Internet as Playground and Factory

Brian Holmes

Bio

Brian Holmes is a cultural critic, living in Paris and Chicago, moving restlessly around the world. He holds a doctorate in Romance Languages and Literatures from the University of California at Berkeley,  was the English editor of publications for Documenta X in Kassel, Germany, in 1997, was a member of the editorial collective of the French journal Multitudes from 2003 to 2008, and has recently published a collection of texts on art and social movements entitled Unleashing the Collective Phantoms: Essays in Reverse Imagineering (New York: Autonomedia, 2007). His new book, Escape the Overcode: Activist Art in the Control Society, is forthcoming from WHW/VanAbbemuseum and is available in full at http://brianholmes.wordpress.com. Holmes was awarded the Vilém Flusser Prize for Theory at Transmediale in Berlin in 2009.


Abstract

Predatory Networks
Self-Defense and Society

In the age of asymmetric information-gathering, computer networks can no longer be celebrated as potentially autonomous spaces of interaction. Instead they must primarily be seen as hunting grounds for the major economic and ideological predators.
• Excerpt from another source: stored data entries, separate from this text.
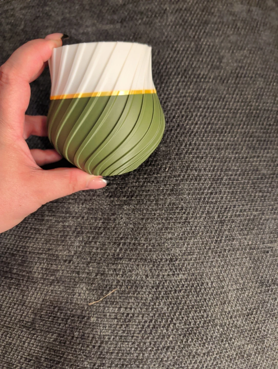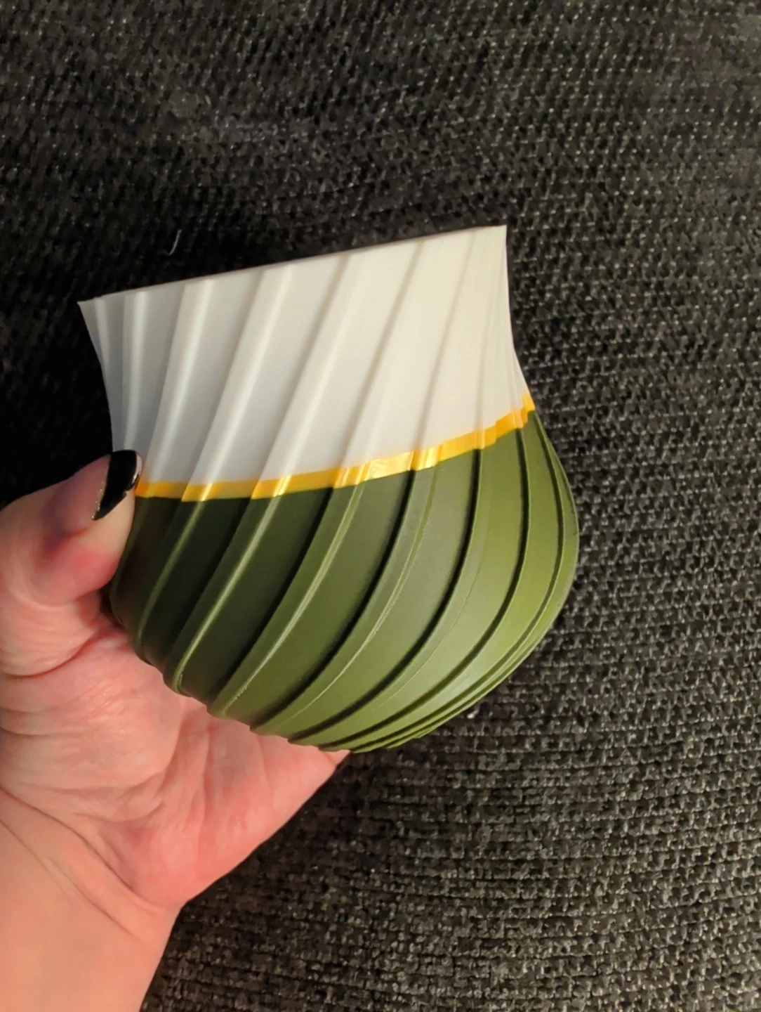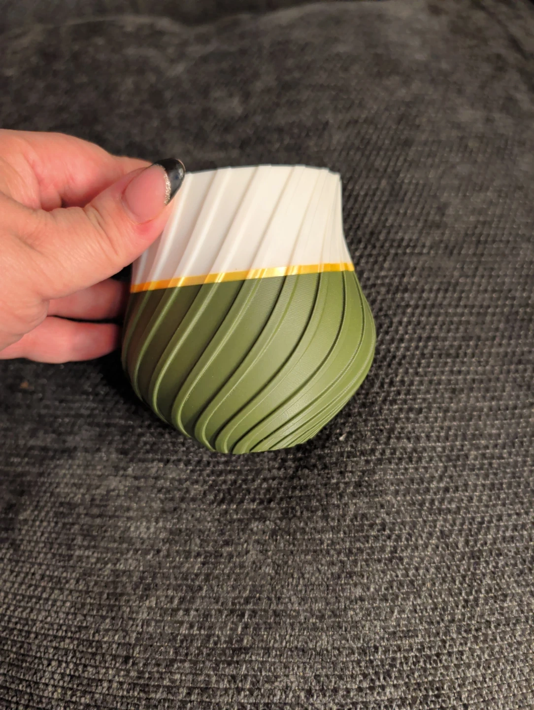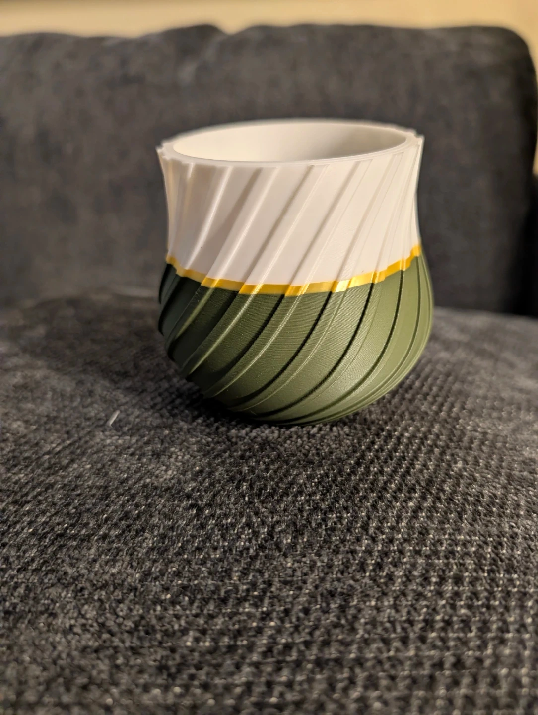 3D printe Twisted Decorative Planter – Olive Green, White & Gold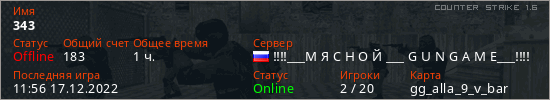 Последний раз был в сети 11:56 17.12.2022 Игрок с таким ником замечен на 17 серверах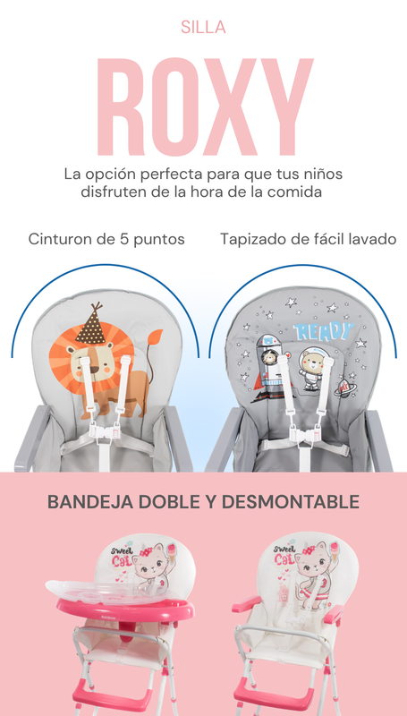 Higiene simplificada: Cuenta con un tapizado completamente desmontable y lavable, junto a una doble bandeja extraíble que facilita la limpieza de restos de alimentos.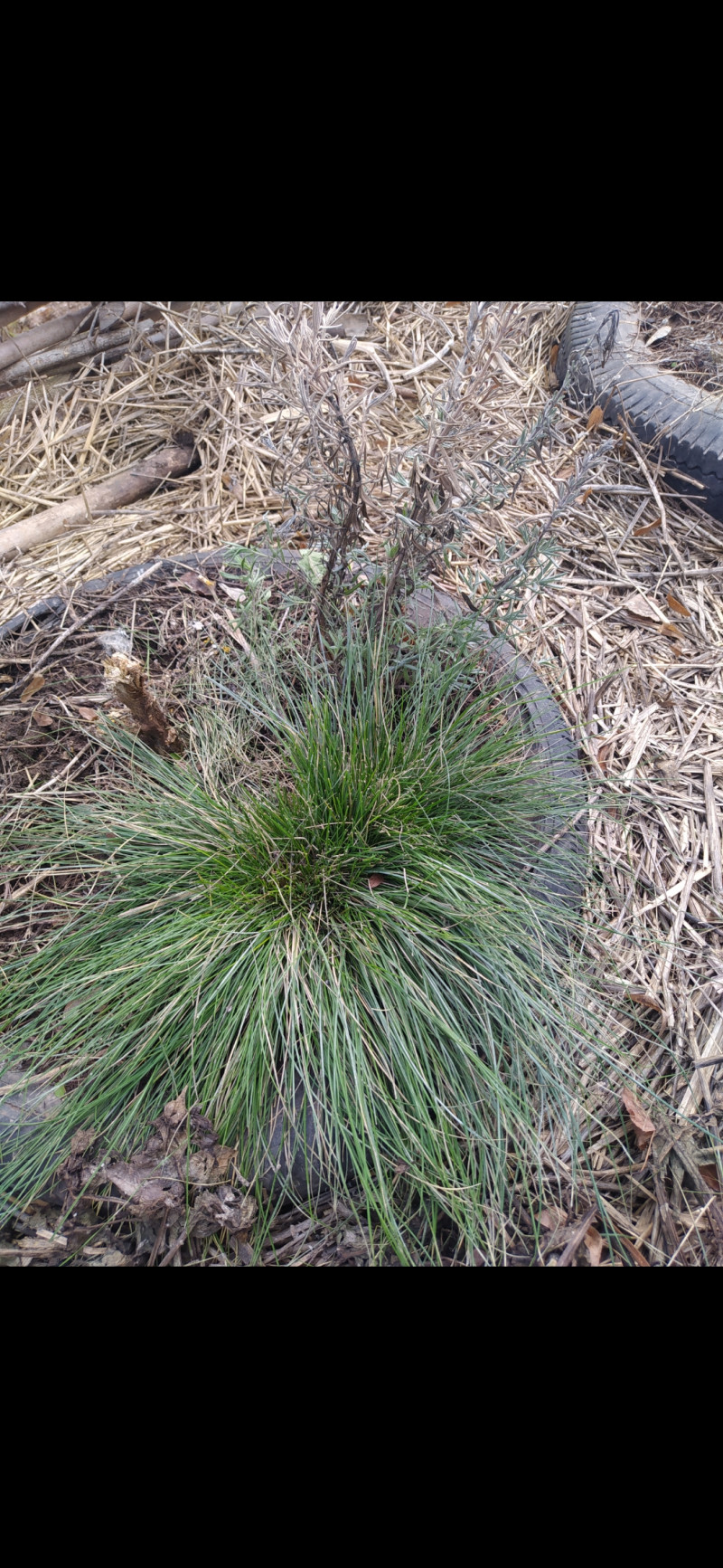 Овсяница голубая тоже. Только мышки подгрызли, видимо гнездо на зиму делали. За ней лаванда - верхушка сухая, но половина нижняя зелёная))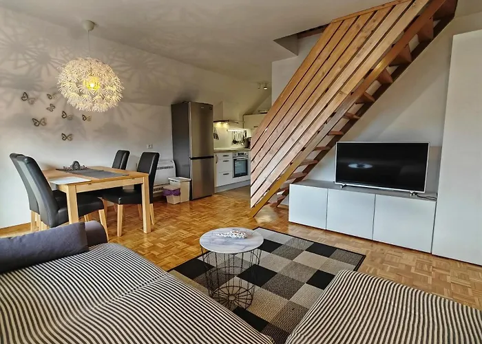 Gostje lahko hitro dostopajo do Aquaparka Bohinj, ki ni zelo daleč od tega apartmaja, in Slapa Grmecica, ki je oddaljen le 7 minut hoje. Mesto se nahaja le 4 km stran, letališče Brnik pa je 60 km od apartmaja velikosti 50 m².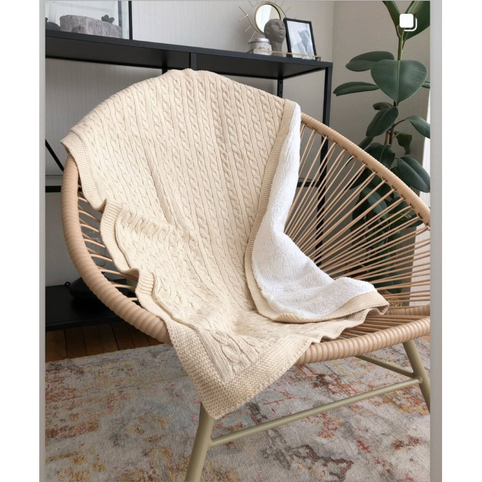 Плед в’язаний (100% cotton pampuk) з утепленням св. Бежевий косичка 90/75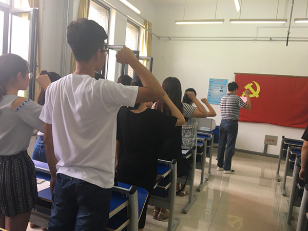 为严格履行入党程序、增强党员入党仪式感,6月30日,经济学院于长清湖校区经济学院楼311室举行本科生第二党支部预备党员入党宣誓仪式。会议由本科生第二党支部副书记李明菊主持,经济学院团委书记、学工办主任、本科生第二党支部书记吕益国和支部全体党员共同参加宣誓仪式。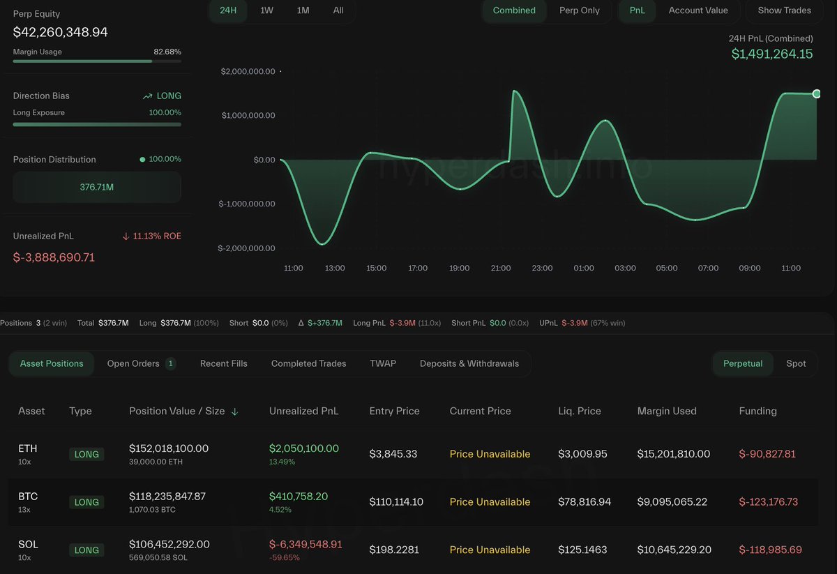 The trader, whose positions are tracked on Hyperliquid, currently holds a combined $376 million in long positions, allocating $152 million to Ethereum (ETH), $118.2 million to Bitcoin (BTC), and $106.4 million to Solana (SOL).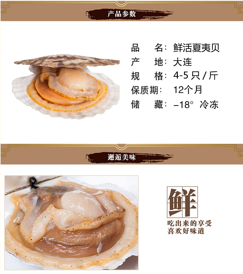 【顺丰冷链-多地隔日达】夏威夷贝扇贝大连海鲜海货鲜活大号蒜蓉夏夷贝元贝干贝烧烤超朴

With the growth of computerized finance since the early 1970s, a large number of "digital laborers" have come to be employed in this psycho-social predation, of which they are simultaneously agents and objects. A public health crisis ensues, where self-defense against dominant ideas and behavioral routines becomes the necessary prelude to any recovery of collective decision-making capacities. Artist-activists have led the way in responding to these threatening conditions. Is it not time for the academy to drop the fictions of technological progress and commercial neutrality, and make critical network studies into the operational hub for a revolt of the prey?